**TASK REQUIREMENTS**: Restate the listing below word for word. No picture belongs in the result.

**GIVEN DATA**:
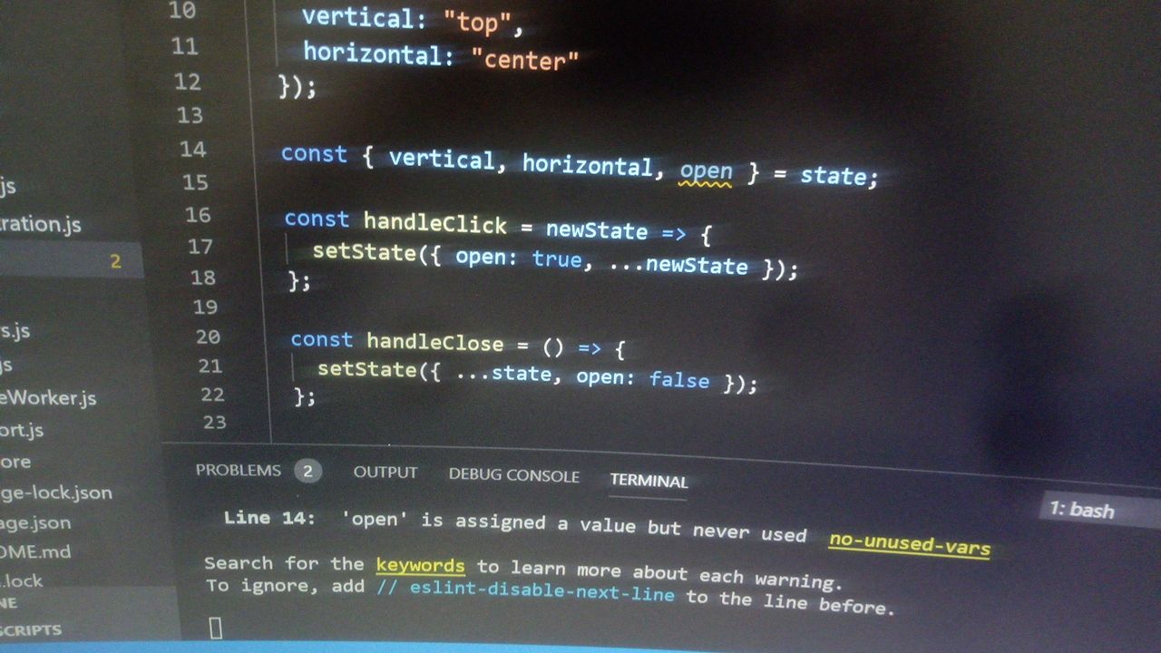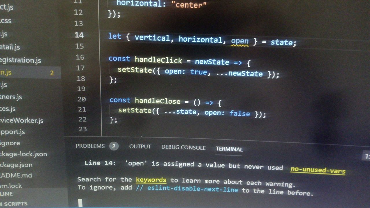 Тут не ошибка, а предупреждения что есть переменная open но она не используется, все нормально здесь
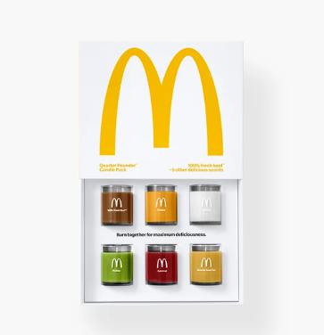 比如麦当劳为了庆祝牛肉堡上市50周年,推出了系列周边产品,其中香薰蜡烛套装引发热议,面包、番茄酱、酸黄瓜、奶酪、洋葱、牛肉六种奇特味道的蜡烛同时点燃就能召唤牛肉堡的味道,网友们吐槽这是什么奇葩操作,奈何金拱门的粉丝太多,上架被秒空。
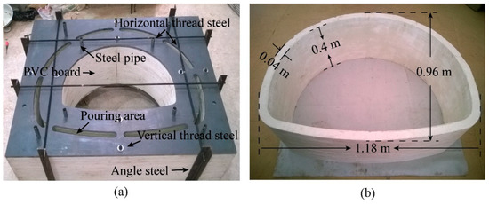 The casting of the model uses a self-made mold made of polyvinyl chloride (PVC) board, as shown in Figure 12a. The mold is 40 cm high and composed of twenty-six layers of PVC boards, which are divided into an inner mold and an outer mold, and the space between these two is used for pouring similar materials. The PVC sheet adopts eight steel tubes for vertical positioning. Twelve groups of horizontal and vertical screw steel zippers are forced to squeeze on six sides to ensure the tightness and stability of the mold. The model was fully vibrated during the casting process. After the pouring was complete, the mold was removed one day later, and then maintained until the lining model was completely dry. Figure 12b shows the completed tunnel model. The geometric dimension of the model is 1/10 of the prototype, the thickness of the lining model is 4.0 cm, the span is 1.18 m, the height is 0.96 m, and the axial length is 40 cm.
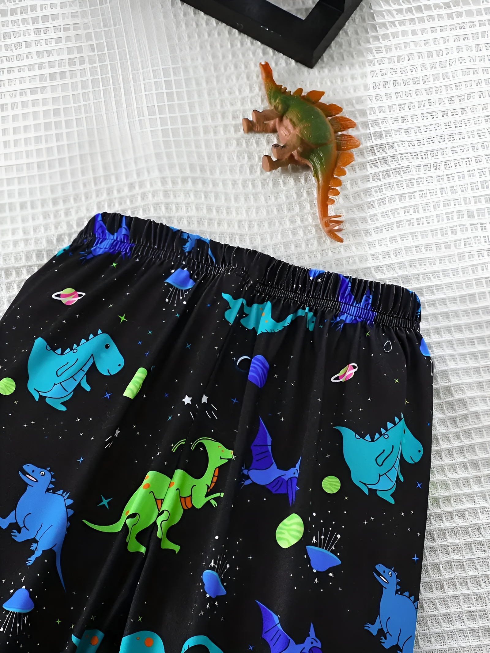 When it comes to kids' sleepwear, comfort and fun are top priorities. This Dinosaur Printed Pajama Set For Boys combines both with designs and cozy fabric. Featuring a variety of random dinosaur-themed tops and pants, this set also boasts a glow-in-the-dark feature. Perfect for casual wear during spring, summer, and autumn, these pajamas are made with soft material, ensuring a comfortable sleep experience.

**EXERCISE OUTPUT**:
 Тут не ошибка, а предупреждения что есть переменная open но она не используется, все нормально здесь
 比如麦当劳为了庆祝牛肉堡上市50周年,推出了系列周边产品,其中香薰蜡烛套装引发热议,面包、番茄酱、酸黄瓜、奶酪、洋葱、牛肉六种奇特味道的蜡烛同时点燃就能召唤牛肉堡的味道,网友们吐槽这是什么奇葩操作,奈何金拱门的粉丝太多,上架被秒空。
 The casting of the model uses a self-made mold made of polyvinyl chloride (PVC) board, as shown in Figure 12a. The mold is 40 cm high and composed of twenty-six layers of PVC boards, which are divided into an inner mold and an outer mold, and the space between these two is used for pouring similar materials. The PVC sheet adopts eight steel tubes for vertical positioning. Twelve groups of horizontal and vertical screw steel zippers are forced to squeeze on six sides to ensure the tightness and stability of the mold. The model was fully vibrated during the casting process. After the pouring was complete, the mold was removed one day later, and then maintained until the lining model was completely dry. Figure 12b shows the completed tunnel model. The geometric dimension of the model is 1/10 of the prototype, the thickness of the lining model is 4.0 cm, the span is 1.18 m, the height is 0.96 m, and the axial length is 40 cm.
 When it comes to kids' sleepwear, comfort and fun are top priorities. This Dinosaur Printed Pajama Set For Boys combines both with designs and cozy fabric. Featuring a variety of random dinosaur-themed tops and pants, this set also boasts a glow-in-the-dark feature. Perfect for casual wear during spring, summer, and autumn, these pajamas are made with soft material, ensuring a comfortable sleep experience.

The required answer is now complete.